What is required ->
Setting aside any pictures, reproduce the data exactly.

[Records excerpted from a collection]
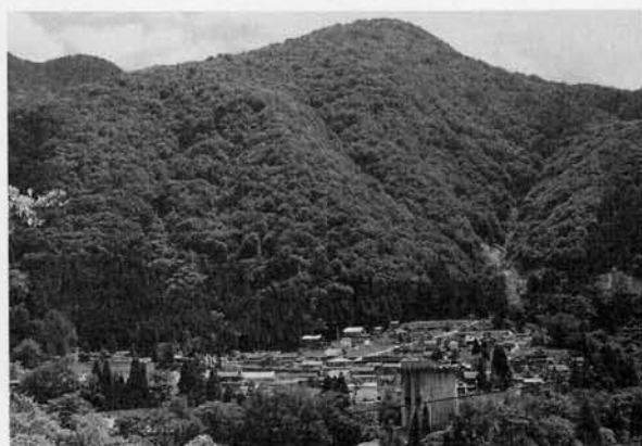
図2 平村祖山の雪持ち林

こうした雪持ち林の維持は、決して容易なものではありませんでした。小雪の年が何年も続くと雪崩の恐ろしさがつい忘れられ、それに経済的な理由などが加わって雪持ち林も伐採されることがありました。現在の雪持ち林が、集落を守るための最小限の大きさとどまっているのはその影響もあると考えられます。伐採のため、終戦前には大雪の年に民家が襲われる雪崩災害も起こりました。こうした手痛い代償を受けながら、長年月の
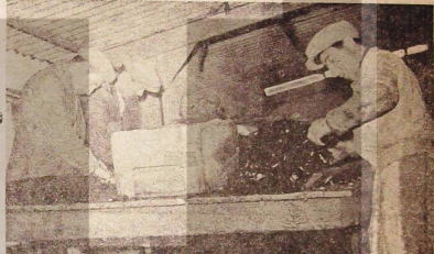
Harmann dairesinde Cam-karışık yarımadan teminlerken

Cam'ın fırınlarda eriyen muhtelif şekillerle sokulan maderinin hazırlamak baş-basına bir ültıs ve tek-niklik işidir.
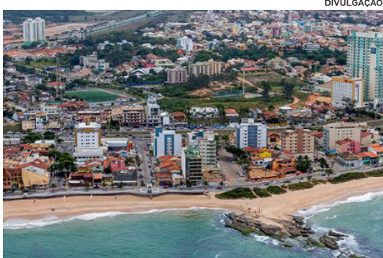
Macaé aparece com o número ultrapassando a casa dos 250 mil habitantes

O Instituto fornece estimativas do total da população dos Municípios e das Unidades da Federação brasileiras PÁG. 6
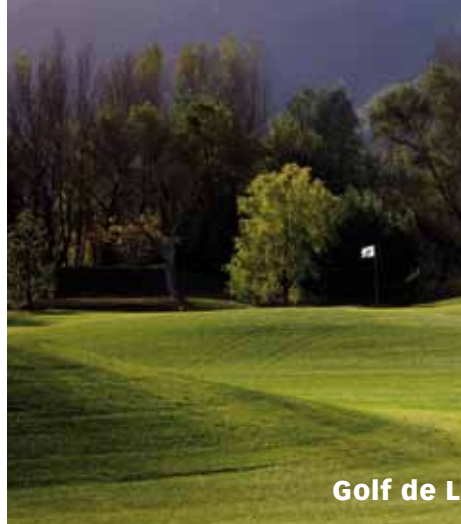
Golf de Lamalou-les-Bains

Office du Tourisme : 33 (0)4 67 95 70 91
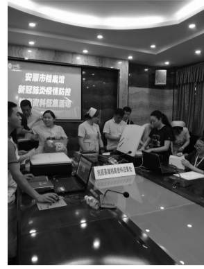
档案部门在302医院组织开展战役档案现场征集
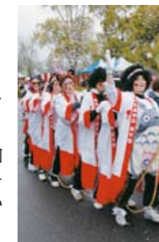
仮装の部で優勝した「ニコニコママ」

ジョギング大会には、4種目に801人が参加して健脚を競いました。また、くしらん坊レースには、5部門に37チームが参加。賞金をかけて、激しいレースが繰り広げられました。「ジョギング大会」の優勝者と「くしらん坊レース」の優勝チームは右のとおり。（敬称略）
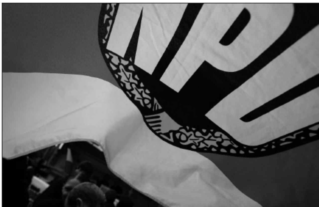
Rechtsextreme Gefahr ist längst noch nicht gebannt: Immer wieder finden in Deutschland NPD-Veranstaltung statt, wie hier in Stolberg bei Aachen.
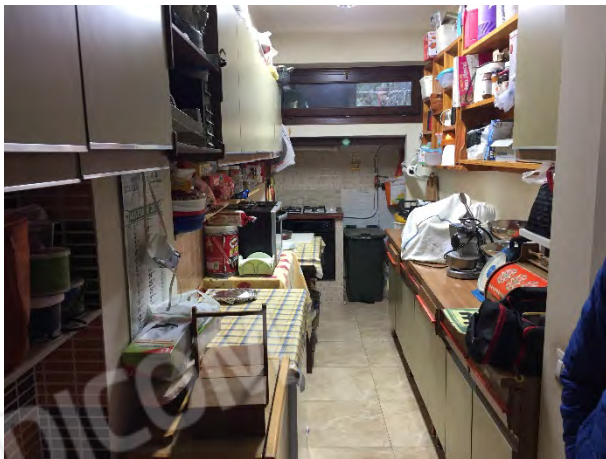
RIPOSTIGLIO AL PIANO TERRA

Answer space ->
図2 平村祖山の雪持ち林

こうした雪持ち林の維持は、決して容易なものではありませんでした。小雪の年が何年も続くと雪崩の恐ろしさがつい忘れられ、それに経済的な理由などが加わって雪持ち林も伐採されることがありました。現在の雪持ち林が、集落を守るための最小限の大きさとどまっているのはその影響もあると考えられます。伐採のため、終戦前には大雪の年に民家が襲われる雪崩災害も起こりました。こうした手痛い代償を受けながら、長年月の
Harmann dairesinde Cam-karışık yarımadan teminlerken

Cam'ın fırınlarda eriyen muhtelif şekillerle sokulan maderinin hazırlamak baş-basına bir ültıs ve tek-niklik işidir.
Macaé aparece com o número ultrapassando a casa dos 250 mil habitantes

O Instituto fornece estimativas do total da população dos Municípios e das Unidades da Federação brasileiras PÁG. 6
Golf de Lamalou-les-Bains

Office du Tourisme : 33 (0)4 67 95 70 91
档案部门在302医院组织开展战役档案现场征集
仮装の部で優勝した「ニコニコママ」

ジョギング大会には、4種目に801人が参加して健脚を競いました。また、くしらん坊レースには、5部門に37チームが参加。賞金をかけて、激しいレースが繰り広げられました。「ジョギング大会」の優勝者と「くしらん坊レース」の優勝チームは右のとおり。（敬称略）
Rechtsextreme Gefahr ist längst noch nicht gebannt: Immer wieder finden in Deutschland NPD-Veranstaltung statt, wie hier in Stolberg bei Aachen.
RIPOSTIGLIO AL PIANO TERRA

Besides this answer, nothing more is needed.